My views of the current state:
- U.S. High Yield Corporate Bonds: Use of this asset class tactically as equity market volatility ripples through to the credit markets makes sense to me. The easiest tactical use is via Exchange Traded Funds (ETFs) and the larger ones tend to have good depth of market. Caution should be exercised if intending to own this asset class for 1 – 2 years as potential recession and default risk could be elevated during that period. I don’t see any reason at this time to be a long term buy and hold investor. This perspective might change if and when there is more spread in the equation.
- Senior Loans: I am of the mindset to take profits seen year-to-date and get out. Prolonged low rates, weak covenants (investor protections) and an untested default cycle regarding recovery rates are high on my concern list.
U.S. High Yield Corporate Bonds (Junk Bonds)
Tactical: I view junk bonds and in particular junk bond ETFs as good tactical tools while remaining alert for opportunities created by volatility in the very near term. USD high yield bonds are likely to show resilience over the very near term. Rates appear to be held low for a while, demand for yield remains strong and geopolitical risk may keep the USD in a narrow trading range.
Short Term 1 -2 year Horizon: I don’t like the risk return dynamic of fixed rate junk bonds over this time horizon. Not enough incremental yield to offset the risk of a coming bear market and/or recession. Resulting defaults could manifest themselves during this period. Liquidity can change dramatically. I view this asset class with caution for this horizon.
Long Term Horizon: At the current tight spreads to investment grade there is little to like here in my opinion. Perhaps it deserves another look when and if spreads widen by another 100bps or so.
U.S. Senior Loans (Leveraged Loans, Bank Loans)
Tactical: Caution. With the Fed holding rates low or perhaps slowing the rise of rates this asset class of floating rate syndicated bank loans loses a lot of it’s appeal. I view the returns year-to-date as an opportunity to exit with a profit. If using this asset class tactically, I would prefer to use one of the larger loan ETFs to ensure liquidity in the event I needed to exit. If CLOs slow, I would want to get out quickly.

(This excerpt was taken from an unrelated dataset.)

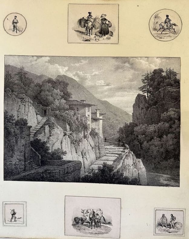 Veduta litografica di un paesaggio di montagna incollata su un foglio insieme ad altre piccole incisioni. Autore: Engelmann su disegno di Villeneuve Data: 1824 Tecnica: Litografia Dimensione del foglio: 30x26 cm Dimensione incisione: 15,5x21,5 cm Condizioni: Buone. Alcune fioriture.Lyhtographic view of a mountain view attached on a leaf together with other little engravings. Author: Engelmann after Villeneuve Date: 1824 Technique: Lithography Leaf Dimension:30x26 cm Engraving Dimension: 15,5x21,5 cm Conditions: Good conditions. Some foxing.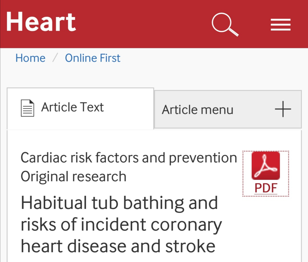 1.Habitual tub bathing and risks ofincident coronary heart disease and stroke, Heart (2020). DOI:10.1136/heartjnl-2019-315752

Short Term 1 -2 year Horizon: Don’t do it. Rates may begin to rise in this time frame. However, a recession could put credit stresses on these entities and defaults may rise. If defaults rise, the trend of the last 5 years or so of issuing loans with weak protections (Covenant Lite) for loan holders (investors) will test historical recovery rates.
Long Term Horizon: At this time, entering the senior loan market via a mutual fund or an ETF with the intent of meeting a long term investment goal is not appealing. In a similar way to fixed rate junk bonds, I would reconsider this view if and when yields are incrementally higher and when the market experiences some defaults testing recovery rates v. the Covenant Lite deals.
- JR Rieger and or the Rieger Report LLC has not received compensation either directly or indirectly from the sponsor(s) of the ETF(s) included in this report.
- At the time of this writing, JR Rieger does not own the ETF(s) cited or referred to in this report.